LETTER TO AUDREY - 3 (Not sent)

 





04.07.2024


Dear Audrey,

It has been almost four months since we last spoke - four interminable months.

This might sound like an exaggeration, but it's not: many mornings, I woke up thinking of you, with tormenting thoughts that are difficult to describe. I often wondered about you: whether you are happy, how you are generally doing.

Many times, I wanted to write to you directly, but I always thought it would interfere unreasonably, disrupting your new equilibrium, our plans, our progress, and our developments.

Nonetheless, I miss you, I terribly miss you, Audrey. I really do - more than I ever expected. 

I have been wanting to tell you that for months. I know it has been a long time, and to you, this might sound like a faint, fading echo...of the past.

I let time pass, in the hope that you might find your new equilibrium, get used to a new life, but I always nurtured the hope that you would write to me again, that you would seek me out.
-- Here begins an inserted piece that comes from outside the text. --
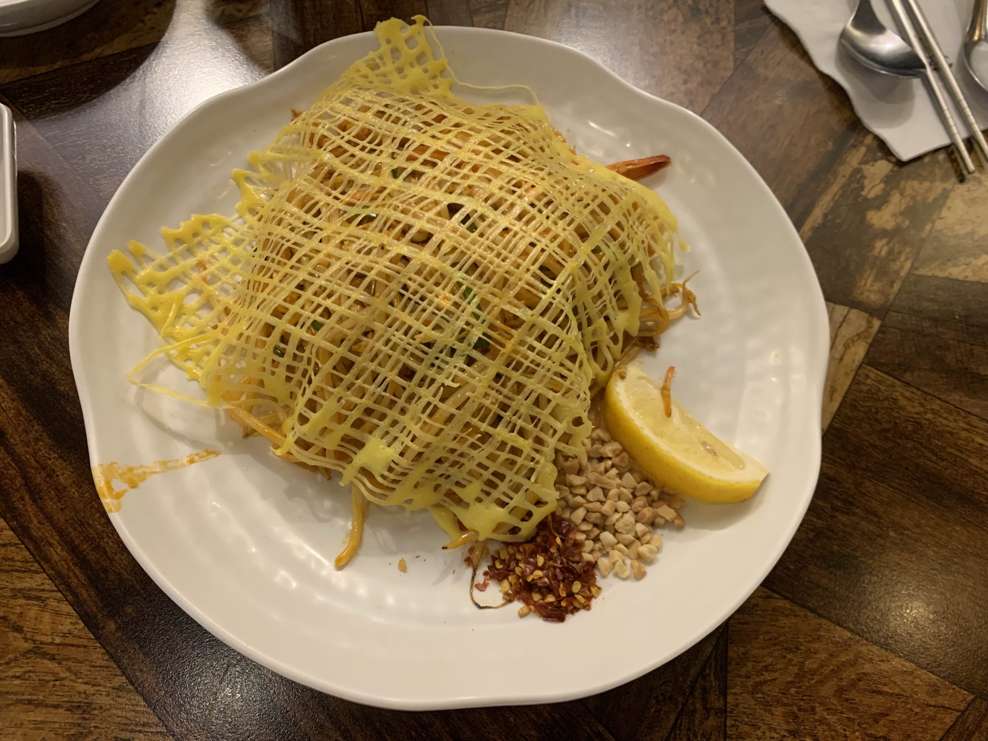 팟타이 위에 달걀지단이

I do not know who you are seeing, whether the sommelier of L'Enclume or somebody else, how you are, but what matters to me is that you are happy.

I have tried to force myself to limit, inhibit, and block myself from writing to you.

Yet, here I am. Why? Because I struggle to accept the idea of never seeing you again for the rest of my life.

I told you so when you called me that morning of October 30th as you desperately announced in tiers over the phone that you were about to leave Amsterdam for good and wanted to see me one last time. When we saw each other again, when we planned to do it again.

I would love to talk to you, to see you, to confront, discuss, resolve, amend, apologise, pacify, and cuddle. My words may seem disproportionate, inappropriate, perhaps empty and insubstantial, inconsistent, belated, weak, and circumstantial.

Yet, despite the passage of time, I am here again, at your bedside, with a thousand questions, doubts, and emotional earthquakes.

You will not believe me, but I have been struggling not to write to you - really, really, Audrey.

But something has changed. I will not go into further details, hoping for your feedback.

I am not begging, but I cannot hold myself back any longer. I miss you so much, Audrey.

I write these words under the influence, gripped by despair at the lack of you... of information about you and the void you left in my life, which contrasts with the constant presence of our memories together in my mind.

I would like to go back, rewind time, and look into your eyes. Remember how much we loved each other, what we said to each other, what we felt, and what we believed.

I apologise for sending you these words. I hope they do not shake you, as the thought of formulating them has often shaken me in recent weeks. I hope you are happy, and I hope you will answer me—whatever you tell me, whatever you feel, whatever you believe.

I wish you all the happiness in this world.

Sorry for not being able to restrain myself.

I miss you. And I begin to think that this feeling is destined never to leave me.